Wanita itu memandang Syaffana penuh selidik. Syaffa tersenyum tenang dengan tangan masih terulur teh botol.
" Siapamu yang barusan kau besuk nona? " Tanya wanita itu dengan tatapan penuh curiga, menyadari Syaffa keluar dari ruangan polisi yang terluka tadi.
Syaffa menarik nafas lembut, kemudian tersenyum kembali. Tapi ia tidak buru- buru menanggapi pertanyaan wanita itu.
" Kalau anda tidak mau duduk, setidaknya
tolong terima minuman ini, ini masih bersegel dan Aman." Ucap Syaffana mengalihkan perhatian wanita itu.
Wanita itu berjalan kearah Syaffa, kemudian menghempaskan pantatnya dikursi kayu yang panjang itu.
" Awas!!! nanti tepos, pabriknya yang rugi sendiri !!! " Saffa mengingatkan dengan pandangan menggoda, karna bokong wanita itu lumayan padat, sedang bangku panjang lumayan keras.
" Biarin! Udah padat sintal begini, suami masih saja tidak mau mendengarkan Awak, lebih suka mendengarkan orang, jadinya gitu, hampir mati karna mengikuti saran orang, sedang orangnya sendiri bertepuk tangan di belakang layar. " Cerocos perempuan itu dengan tampang kesal, setelah membuka minumannya.
" Bagus..Berarti ni cewek tahu, manusia dibalik layar, aku harus pandai mendekatinya. " Batin Syaffa.
" Minumlah dulu...Baru kita bicara! Nama saya Syaffana, biasa dipanggil Syaffa atau Fana."
" Kalau saya Rosita, biasa dipanggil Sita."
" Pantas menyita perhatianku! " Canda Syaffana.
" He.. He...Syaffa bisa saja! Tentu aku menyita perhatian seisi klinik ini, karna datangnya meraung- raung, lebih kencang dari serine Ambulance." kekeh Sita mulai nyaman dengan Syaffa.

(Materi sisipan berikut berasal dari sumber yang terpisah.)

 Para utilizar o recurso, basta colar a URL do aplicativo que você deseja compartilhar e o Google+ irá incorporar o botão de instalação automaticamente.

" Tenanglah...Suamimu sudah ditangani dokter. Luka tembaknya tidak berbahaya, hanya untuk melumpuhkan, peluru yang digunakan aparat hanya peluru plastik. Paling setelah ini pincang dikit sebelum pulih, itu akan memperindah lenggoknya. " Canda Syaffa lagi.
Syaffa menatap wanita itu, ia tidak marah
dengan goyonannya, malah ikut tersenyum.
" Hanya karna suamimu memakai celana pendek dan jarak tembak yang dekat, hingga betisnya terluka, hari sangat terik, jadi darahnya deras keluar, itu yang terlihat mengerikan bagimu." Terang Syaffana.

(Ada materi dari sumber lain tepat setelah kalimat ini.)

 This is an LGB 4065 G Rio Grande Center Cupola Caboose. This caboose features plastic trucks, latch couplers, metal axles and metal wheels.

" Bagaimana Syaffa tahu tentang peluru? " tanya perempuan itu dengan tatapan selidik.
" Ini cewek lumayan cerdas! Aku harus bijak menjawab. batin Syaffa.
" Sekarangkan Zaman internet Sita! Aku suka tanya- tanya sama Mbah gogle. Biasanya peluru yang digunakan untuk pengamanan, bukan peluru berbahaya.
Cuma kadang faktor proyeksi dan jarak tembak yang menyebabkan luka, lagian sepupu Syaffa seorang polisi, jadi sering nanya- nanya gitu! " Ujar Syaffa sembari menepuk pundak Sita.
" Hum...Syaffa ngapain disini? " tanya Sita lagi.
__ADS_1
" Sepupuku itu terluka dalam pengamanan demo tadi, aku dan suamiku kesini untuk melihatnya, ucapnya sedikit terbuka.
" Jadi sepupumu yang tertebas oleh suamiku, tangannya! " Sita terbelalak.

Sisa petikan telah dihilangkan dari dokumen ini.